I have come to realize that without an Hid wiring harness added to the kit I am using my problem will not be solved. I contacted DDM Tuning and the another place in GA where there kits costing $150 and both companies were offering hid wiring harness for +35W applications. They both of course advised to stay with 35W for my car app.
Hid wiring harness (suppose to) provide/regulate more power directly from battery to headlight system. On 08 E350 the battery is in the trunk.
Knowing this and before ordering anything from online I visited a local automotive custom shop borrowing a hid wiring harness for fitment and visual testing (hood wide open) and it became clear that:
Only power supply I found in engine compartment was at main power supply going into fuse box near windshield on driver side. Negative or ground is not problem but you also have to map the rest of the hid wiring harness to each head light. This will look very tacky even if the wiring is long enough to where you can run it in fender or around radiator support.

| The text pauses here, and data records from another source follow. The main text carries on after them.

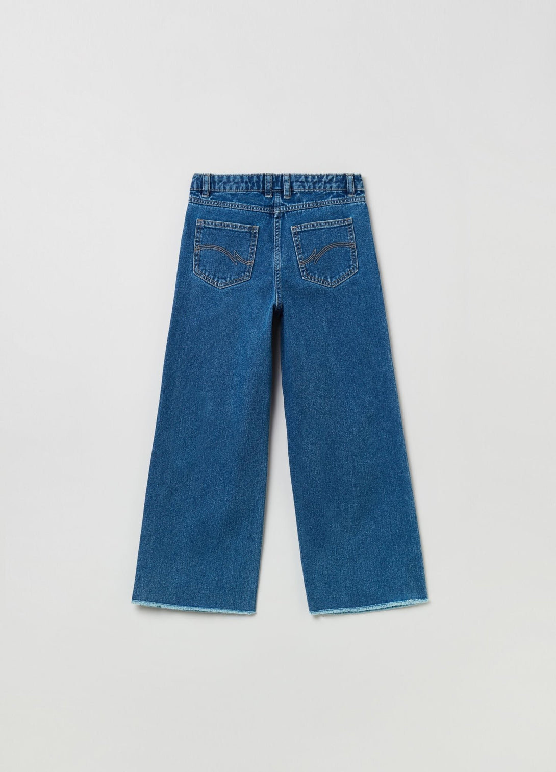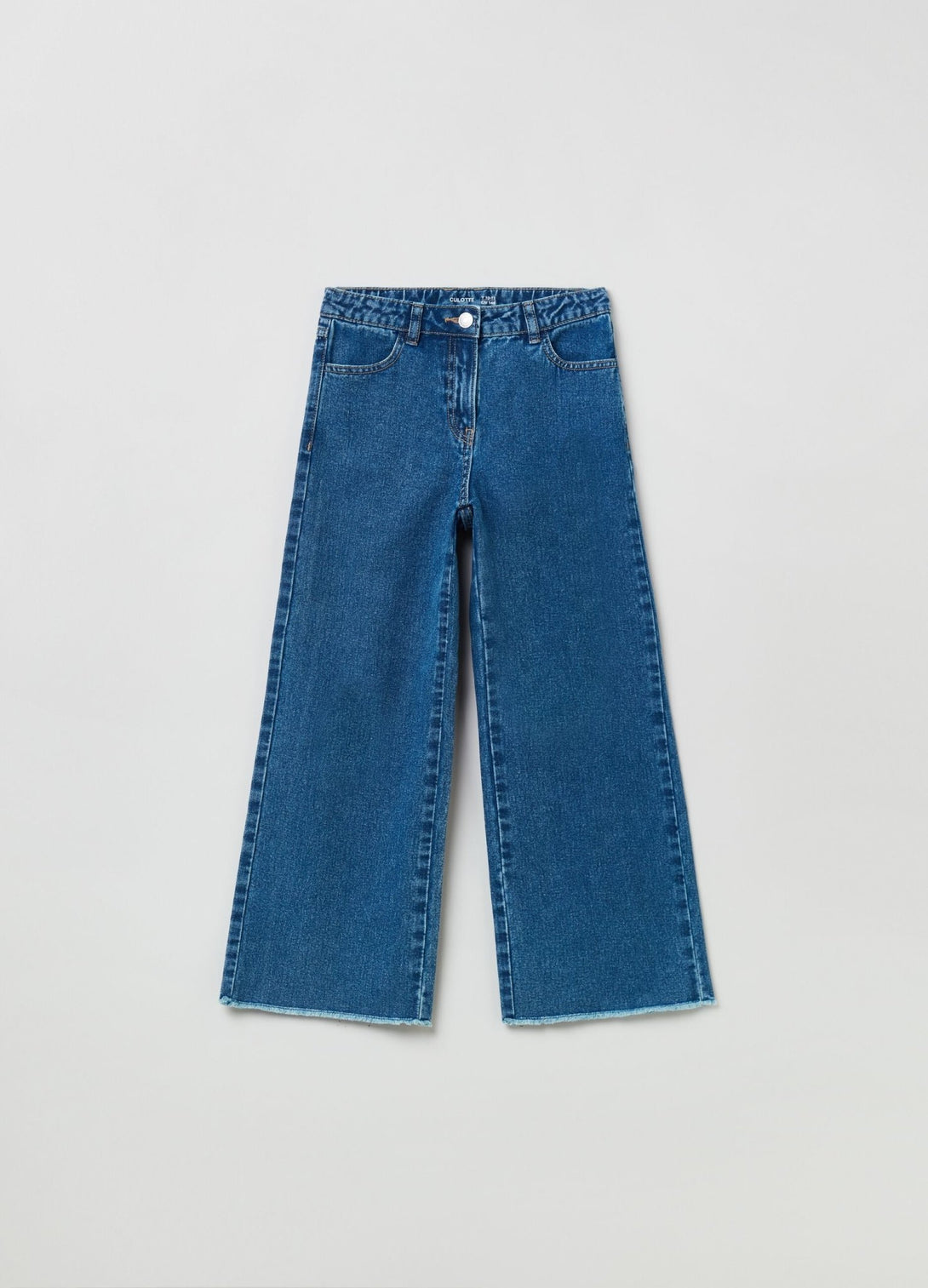 بنطال جينز كولوت مصنوع من القطن بنسبة 100%. جيبان أماميان وجيبان خارجيان في الخلف. إغلاق بواسطة سحّاب وزر. حاشية مهترئة.
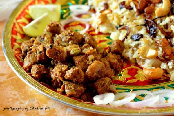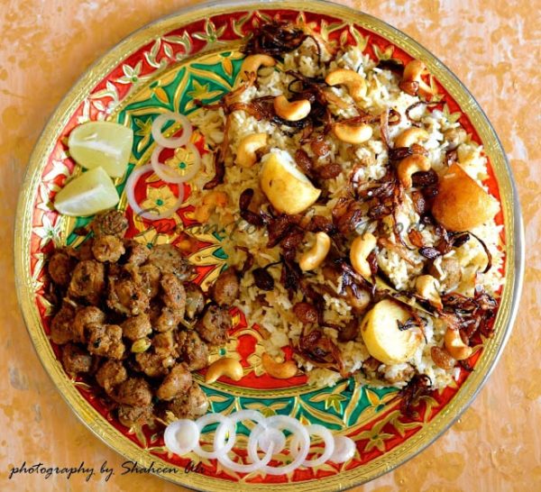 12. Garnish it with fresh mint leaf, freshly chopped coriander, lemon juice, fried onions, some kewda water and fried dry fruits.
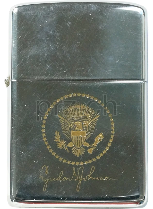 Zippo factory engraved on the front with the presidential seal and the signature of «Lyndon B. Johnson».
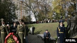 Перад прысутнымі выступіў Аляксандар Лукашэнка. Пасьля хвіліны маўчаньня пачалося ўскладаньне кветак.

That was very helpful and Now my option if I want to use the current hid kit is to down grade to 35W ballasts. I already have the canceler so it will be strait forward plug and play.
Conclusion: For late model Mercedes, stick with 35W ballasts.

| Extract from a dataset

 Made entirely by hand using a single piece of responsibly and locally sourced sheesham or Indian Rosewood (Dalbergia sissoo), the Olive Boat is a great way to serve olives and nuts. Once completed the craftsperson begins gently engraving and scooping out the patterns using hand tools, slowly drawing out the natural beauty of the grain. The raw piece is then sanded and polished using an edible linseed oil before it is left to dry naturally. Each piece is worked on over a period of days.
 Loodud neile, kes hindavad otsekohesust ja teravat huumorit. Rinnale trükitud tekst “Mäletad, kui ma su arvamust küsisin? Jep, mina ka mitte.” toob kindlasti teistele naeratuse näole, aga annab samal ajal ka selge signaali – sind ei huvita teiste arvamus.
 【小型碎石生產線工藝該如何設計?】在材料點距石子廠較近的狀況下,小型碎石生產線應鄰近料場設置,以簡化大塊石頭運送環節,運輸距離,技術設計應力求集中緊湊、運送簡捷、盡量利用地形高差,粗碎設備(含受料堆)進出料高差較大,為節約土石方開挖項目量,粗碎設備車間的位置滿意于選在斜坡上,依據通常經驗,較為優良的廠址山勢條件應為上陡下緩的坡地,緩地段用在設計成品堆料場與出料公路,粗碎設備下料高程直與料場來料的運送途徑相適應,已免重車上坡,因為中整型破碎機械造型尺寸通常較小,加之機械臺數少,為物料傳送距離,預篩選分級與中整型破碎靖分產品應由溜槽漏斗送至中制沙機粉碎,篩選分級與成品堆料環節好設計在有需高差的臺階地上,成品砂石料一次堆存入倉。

Unfortunately I didn't take any pictures, I wish I had.
However I have a pic of wiring harness that illustrates where exactly each end of the harness connects to.
I will also attach a second pic showing the engine comp fuse also called Relay box on Driver side/windshield area. In this pic pay attention to the far right of the fuse box and you should see a nut. This is the nut holding down a positive cable (red) powering the fuse/relay box and this is the point I found for connecting the hid "C" harness.
On 2008 E350 this fuse box is hidden under a black cover that can be removed very easily.
I personally will not use (or recommend) this power supply connection in the fuse/relay box for any AUX/after market electronics.
Last edited by vbnBbnNAng; Apr 17, 2013 at 07:00 PM.
Hello Nero,
I might end up like you if the 35W ballasts don't do the trick.
I paid $45 for cancelers, Slim 100W Ballasts (Which are the problem). The bulbs were from old order. These are not from DDM Tuning.
If the access to the headlight bulbs were easier I could have cared less.
When I get it up & working I will take some pics and post them.